For training, we randomly cropped patches of size 32 × 32 from the images that were furthermore flipped along the vertical axis with a probability of 50%. Each patch was divided by 255. Subsequently, each color channel was subtracted with the ImageNet mean (0.485, 0.456, 0.406) and divided by the ImageNet standard deviation (0.229, 0.224, 0.225) for RGB. The presented networks were trained for 100 epochs with a learning rate of 0.001, a batch size of 128, and a weight decay of 0.001, using the Adam optimizer. The training loss function was the absolute error between the sigmoid output of the network and the target score divided by 100. The ResNet-32 and the FP-net I were pre-trained on Cifar-10, see He et al. [13]. The FP-net II was trained from scratch. For validation and early stopping, we randomly sampled 32 patches of each validation image. The scores obtained for the patches were averaged, and then the Pearson linear correlation coefficient (PLCC) and the Spearman’s rank order correlation coefficient (SROCC) between the prediction scores and the validation scores were computed. For testing, we used the model with the highest validation PLCC. We compared the baseline ResNet-32 to the FP-nets for two sampling strategies: random sampling and attention-based sampling, i.e., for each test image, we either sampled 128 samples randomly, or we selected the 128 samples with the highest saliency (defined by the determinant of J).
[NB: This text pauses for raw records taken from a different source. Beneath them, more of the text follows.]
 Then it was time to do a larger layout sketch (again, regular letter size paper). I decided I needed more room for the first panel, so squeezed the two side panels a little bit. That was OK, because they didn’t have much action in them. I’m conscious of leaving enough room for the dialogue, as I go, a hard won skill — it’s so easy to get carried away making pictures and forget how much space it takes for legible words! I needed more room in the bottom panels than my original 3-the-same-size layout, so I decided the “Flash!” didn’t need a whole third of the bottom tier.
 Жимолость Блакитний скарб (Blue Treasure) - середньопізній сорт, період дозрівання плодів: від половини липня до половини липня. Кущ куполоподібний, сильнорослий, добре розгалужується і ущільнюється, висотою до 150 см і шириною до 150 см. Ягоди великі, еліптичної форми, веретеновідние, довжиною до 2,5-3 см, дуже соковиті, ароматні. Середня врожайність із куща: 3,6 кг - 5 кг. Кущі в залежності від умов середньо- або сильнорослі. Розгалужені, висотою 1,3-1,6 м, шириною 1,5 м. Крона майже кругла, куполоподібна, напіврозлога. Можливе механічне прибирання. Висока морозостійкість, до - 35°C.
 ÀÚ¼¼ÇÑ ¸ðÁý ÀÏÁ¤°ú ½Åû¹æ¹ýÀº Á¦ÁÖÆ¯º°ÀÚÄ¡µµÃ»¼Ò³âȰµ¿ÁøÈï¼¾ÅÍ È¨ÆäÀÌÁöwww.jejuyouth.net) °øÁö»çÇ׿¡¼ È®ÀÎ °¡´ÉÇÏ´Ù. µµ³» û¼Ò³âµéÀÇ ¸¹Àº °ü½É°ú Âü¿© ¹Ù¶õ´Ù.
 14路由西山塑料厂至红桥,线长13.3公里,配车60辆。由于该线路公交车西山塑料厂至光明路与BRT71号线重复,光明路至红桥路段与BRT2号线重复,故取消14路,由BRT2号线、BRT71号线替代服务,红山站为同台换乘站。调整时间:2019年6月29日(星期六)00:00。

Datasets with Authentic Distortions

With LITW, Ghadiyaram and Bovik [10] compiled a demanding benchmark containing 1,162 images with 350,000 scores from over 8,100 human observers. The images were captured mainly by using mobile devices in everyday life situations. Thus, apart from distortions due to the device’s processing chain, image quality can be impaired by the photographer himself, due to over- and underexposure, motion blur, and other sources; see Fig. 1 for examples.

The currently largest labeled dataset with authentic distortions is Kon-IQ [16], containing 10,073 images with 1,2M quality ratings from 1,459 annotators. We trained and evaluated on the small image sizes (512 × 384).
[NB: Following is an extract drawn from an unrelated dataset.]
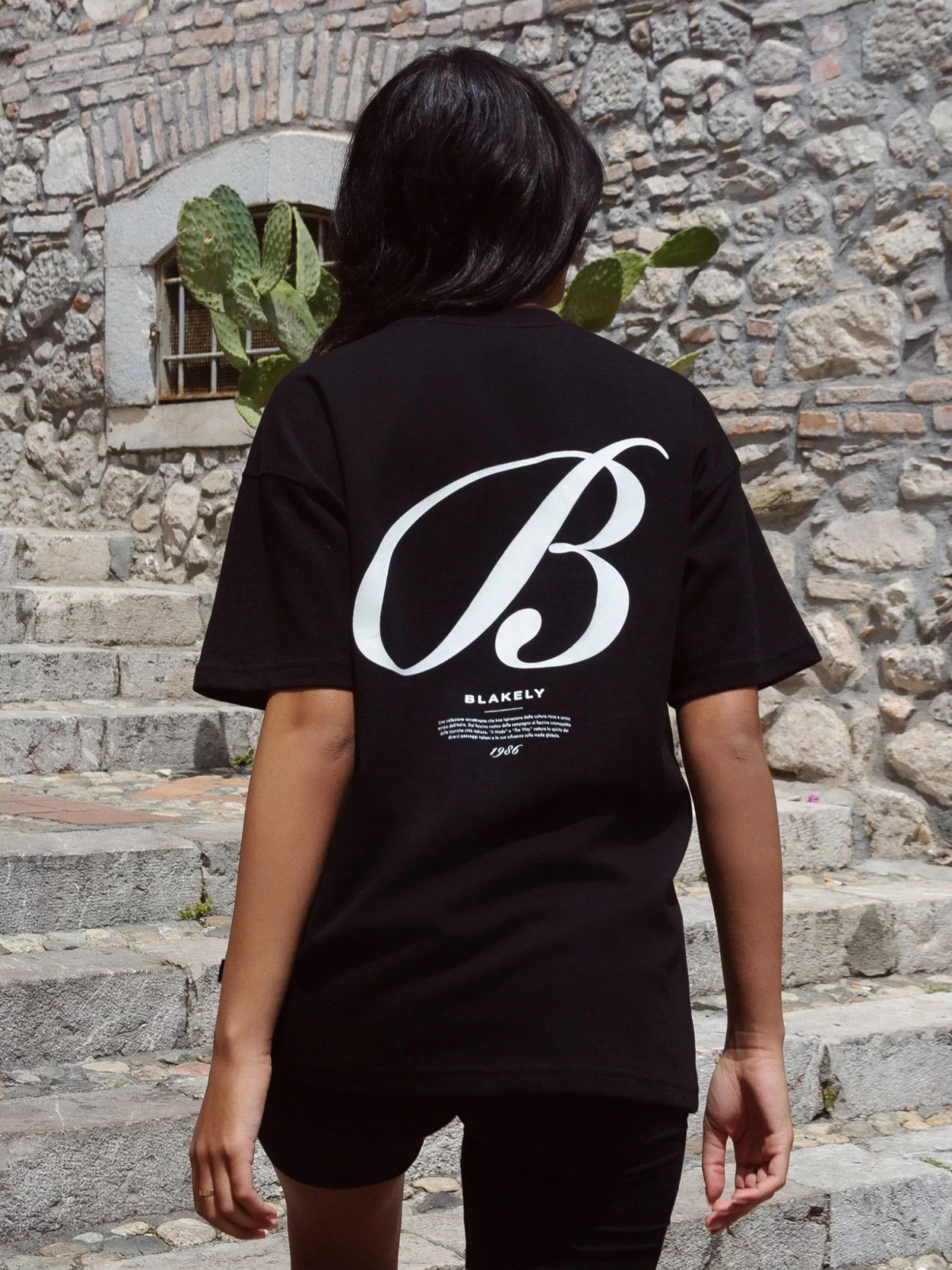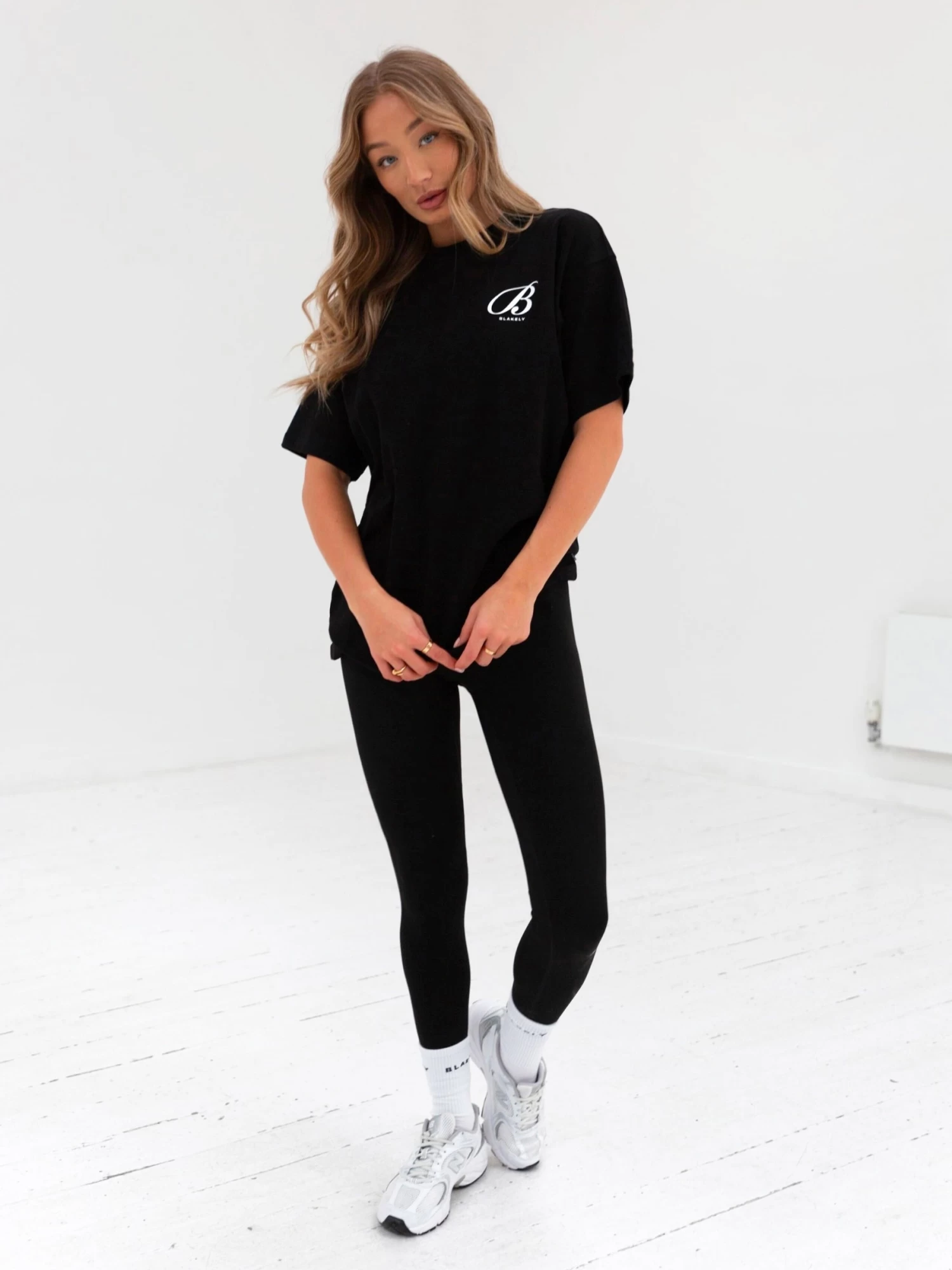 The Vita T-shirt in black is crafted from a cotton blend with a oversized fit. It has a crew neck collar and is finished with a graphic print in flat white on the front & back.

We used the same approach for both datasets: as with the Legacy benchmark, we trained and tested CNNs for 10 different 80/20 splits. On LITW, Kim et al. [19] obtained good results with a pre-trained ResNet-50 and we therefore compared a ResNet-50 with a corresponding FP-net, both pre-trained on ImageNet. We trained both networks for 100 epochs with the Adam optimizer and with learning rate 0.0001 and weight decay 0.001. After the 40th and 80th epoch, the learning rate was reduced by a factor of 0.1. For the 2048-dimensional feature vector right before the linear mapping to the quality score, we used a dropout layer with p = 0.5. Each training mini batch contained 32 patches of size 224 × 224, roughly a quarter of the 500 × 500 dimensional input images. As before, we used the L1-norm as the loss function, vertical flips for data augmentation, and the same normalization as for the Legacy dataset. Due to the large patch size, attention-based patch selection yielded no benefit. Instead of 128 patches, each test image score was predicted with 25 random patches.

To better evaluate the generalization capabilities of the models, all networks trained on LITW were tested on the full Kon-IQ dataset and vice versa.

In addition to the performance scores, we report the number of parameters in millions (M) to compare for efficiency. If possible, we determined the number of parameters from the respective paper’s description. In many cases, the CNNs used in the literature are large and were combined with even larger MLPs. In those cases, we report only the CNN’s standard size as a lower bound. A “ >” denotes that the size is even larger due to, for example, an additional MLP. Note that with the FP-nets, no additional regression models were used. We do not report the number of parameters for BRISQUE [29] and CORNIA [42].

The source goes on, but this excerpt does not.